# PROBLEM TO SOLVE:
The answer must be the full listing, word for word, with no pictures in it.

# MATERIAL PROVIDED:
Start of Block

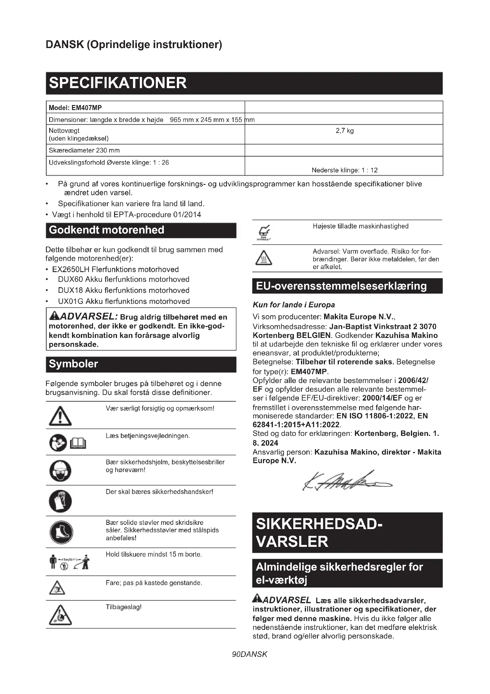 Hold tilskuere mindst 15 m borte.Fare; pas på kastede genstande.Tilbageslag!HøjestetilladtemaskinhastighedAdvarsel:Varmoverade.Risikoforfor-brændinger. Berør ikke metaldelen, før den er afkølet. EU-overensstemmelseserklæring Kun for lande i Europa Vi som producenter: Makita Europe N.V., Virksomhedsadresse: Jan-Baptist Vinkstraat 2 3070 Kortenberg BELGIEN. Godkender Kazuhisa Makino tilatudarbejdedentekniskelogerklærerundervores eneansvar, at produktet/produkterne; Betegnelse: Tilbehør til roterende saks. Betegnelse fortype(r):EM407MP. Opfylderallederelevantebestemmelseri2006/42/ EFogopfylderdesudenallerelevantebestemmel- ser i følgende EF/EU-direktiver: 2000/14/EF og er fremstillet i overensstemmelse med følgende har- moniserede standarder: EN ISO 11806-1:2022, EN 62841-1:2015+A11:2022. Sted og dato for erklæringen: Kortenberg, Belgien. 1.
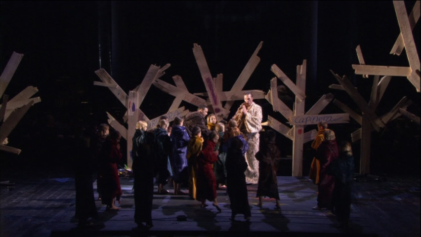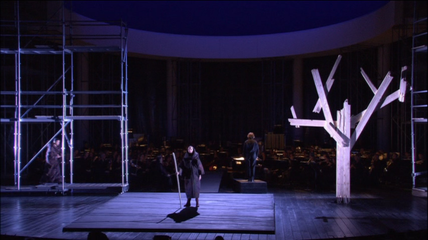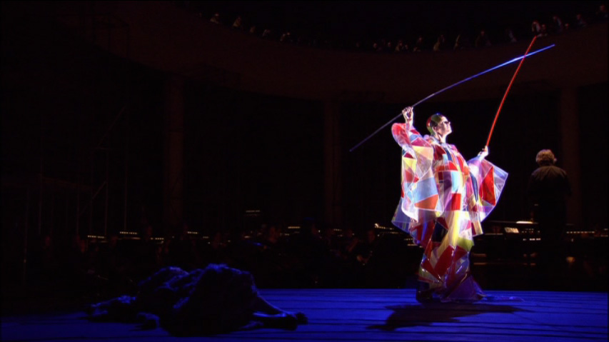 The videodirection is by Misjel Vermeiren is interesting and, I think, ultimately succesful. He uses a very wide variety of camera angles, including directly above the action, but it seems to work. The total stage set is vast and when he does show it all it shows up the limitations of even a good DVD picture. On balance I think his choice of angles and depths is judicious.
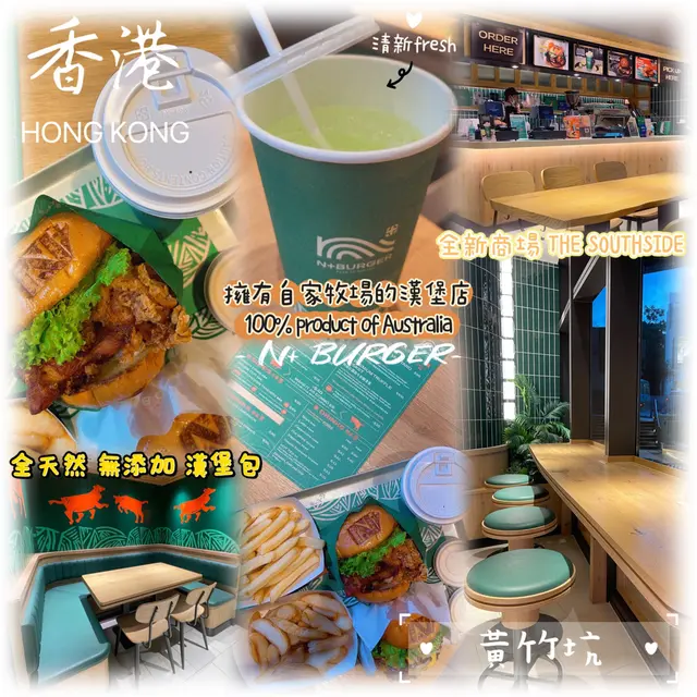 N+ BURGER (黄竹坑) 网址: https://s.openrice.com/QrLS0nqmD00 地址: 香港黃竹坑香葉道11號THE SOUTHSIDE LG樓LG01號舖 电话: +852 28322028
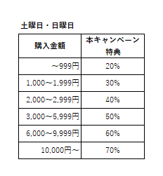 大型キャンペーン開催中は、定例キャンペーンが休止になる(重複適用されない)こともありますのでご注意ください。

End of Block

# OUTPUT BELOW:
 Hold tilskuere mindst 15 m borte.Fare; pas på kastede genstande.Tilbageslag!HøjestetilladtemaskinhastighedAdvarsel:Varmoverade.Risikoforfor-brændinger. Berør ikke metaldelen, før den er afkølet. EU-overensstemmelseserklæring Kun for lande i Europa Vi som producenter: Makita Europe N.V., Virksomhedsadresse: Jan-Baptist Vinkstraat 2 3070 Kortenberg BELGIEN. Godkender Kazuhisa Makino tilatudarbejdedentekniskelogerklærerundervores eneansvar, at produktet/produkterne; Betegnelse: Tilbehør til roterende saks. Betegnelse fortype(r):EM407MP. Opfylderallederelevantebestemmelseri2006/42/ EFogopfylderdesudenallerelevantebestemmel- ser i følgende EF/EU-direktiver: 2000/14/EF og er fremstillet i overensstemmelse med følgende har- moniserede standarder: EN ISO 11806-1:2022, EN 62841-1:2015+A11:2022. Sted og dato for erklæringen: Kortenberg, Belgien. 1.
 The videodirection is by Misjel Vermeiren is interesting and, I think, ultimately succesful. He uses a very wide variety of camera angles, including directly above the action, but it seems to work. The total stage set is vast and when he does show it all it shows up the limitations of even a good DVD picture. On balance I think his choice of angles and depths is judicious.
 N+ BURGER (黄竹坑) 网址: https://s.openrice.com/QrLS0nqmD00 地址: 香港黃竹坑香葉道11號THE SOUTHSIDE LG樓LG01號舖 电话: +852 28322028
 大型キャンペーン開催中は、定例キャンペーンが休止になる(重複適用されない)こともありますのでご注意ください。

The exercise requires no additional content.